[Assignment] Return each line below exactly as it reads, and omit any image in it.

[Given information]
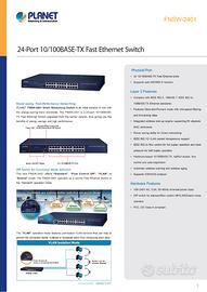 Vendo in buonissime condizioni Switch 24 porte rack Planet FSNW-2401, perfettamente funzionante, causa chiusura attività.
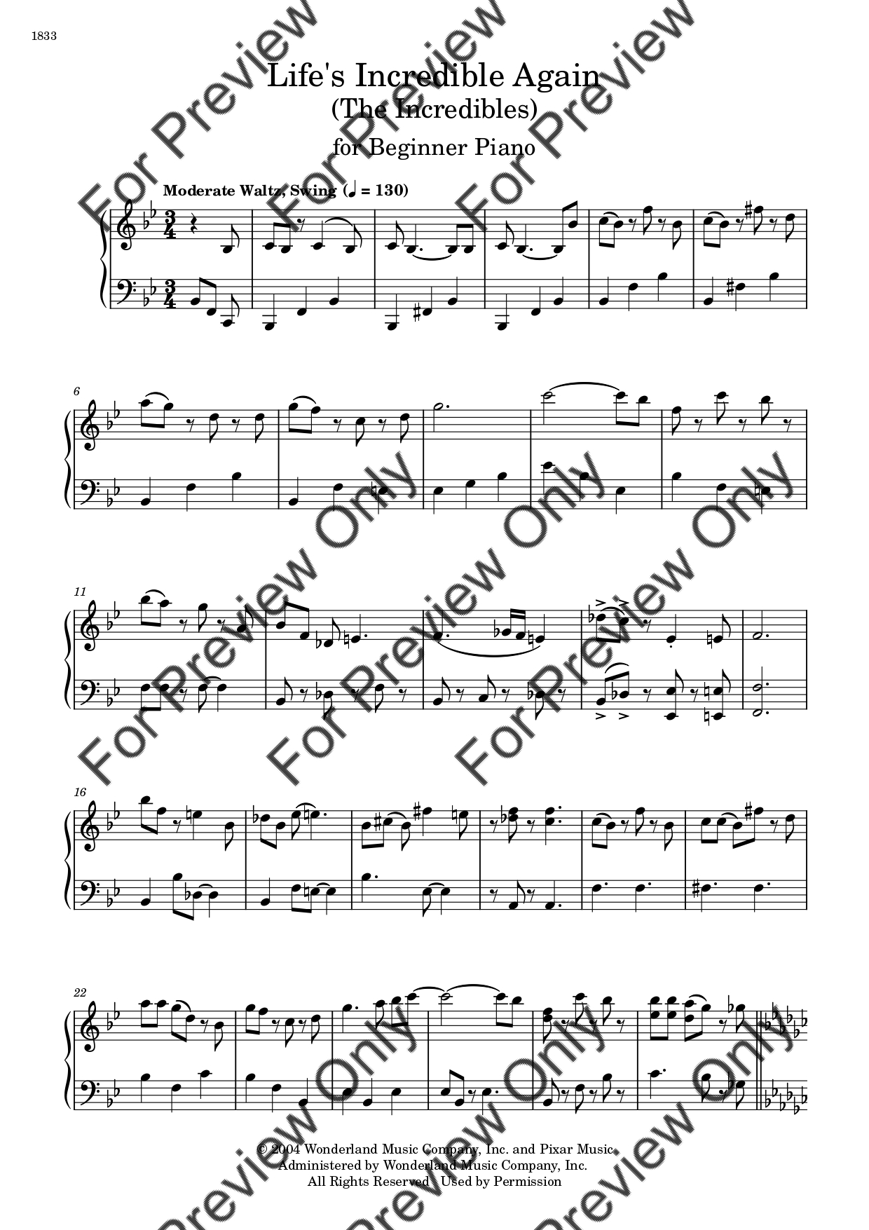 Life's Incredible Again from The Incredibles by Michael Giacchino. Arrangement for Beginner/Easy Piano. With Full Score. Have fun!
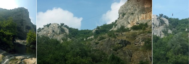 Kanyonun orta kısımlarındaki geniş alanda, etraftaki kayalarda tırmanış yapanları seyretmek için biraz dinlendiğimiz sırada, özellikle slackline yapan biri dikkatimiz çekti. İki kaya arasına gerilmiş ip üzerinde, sadece bir koruma halatı ile dengede durmaya çalışan gencin görüntüsü yukarıdaki görselde, en sağdaki resimde görülebilir.
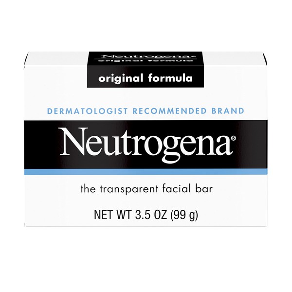 Neutrogena Original Amber Bar Facial Cleansing Bar with Glycerin, Clean-Rinsing, Transparent Face Soap, Free of Harsh Detergents, & Dyes, 3.5 oz

[Output of the exercise]
 Vendo in buonissime condizioni Switch 24 porte rack Planet FSNW-2401, perfettamente funzionante, causa chiusura attività.
 Life's Incredible Again from The Incredibles by Michael Giacchino. Arrangement for Beginner/Easy Piano. With Full Score. Have fun!
 Kanyonun orta kısımlarındaki geniş alanda, etraftaki kayalarda tırmanış yapanları seyretmek için biraz dinlendiğimiz sırada, özellikle slackline yapan biri dikkatimiz çekti. İki kaya arasına gerilmiş ip üzerinde, sadece bir koruma halatı ile dengede durmaya çalışan gencin görüntüsü yukarıdaki görselde, en sağdaki resimde görülebilir.
 Neutrogena Original Amber Bar Facial Cleansing Bar with Glycerin, Clean-Rinsing, Transparent Face Soap, Free of Harsh Detergents, & Dyes, 3.5 oz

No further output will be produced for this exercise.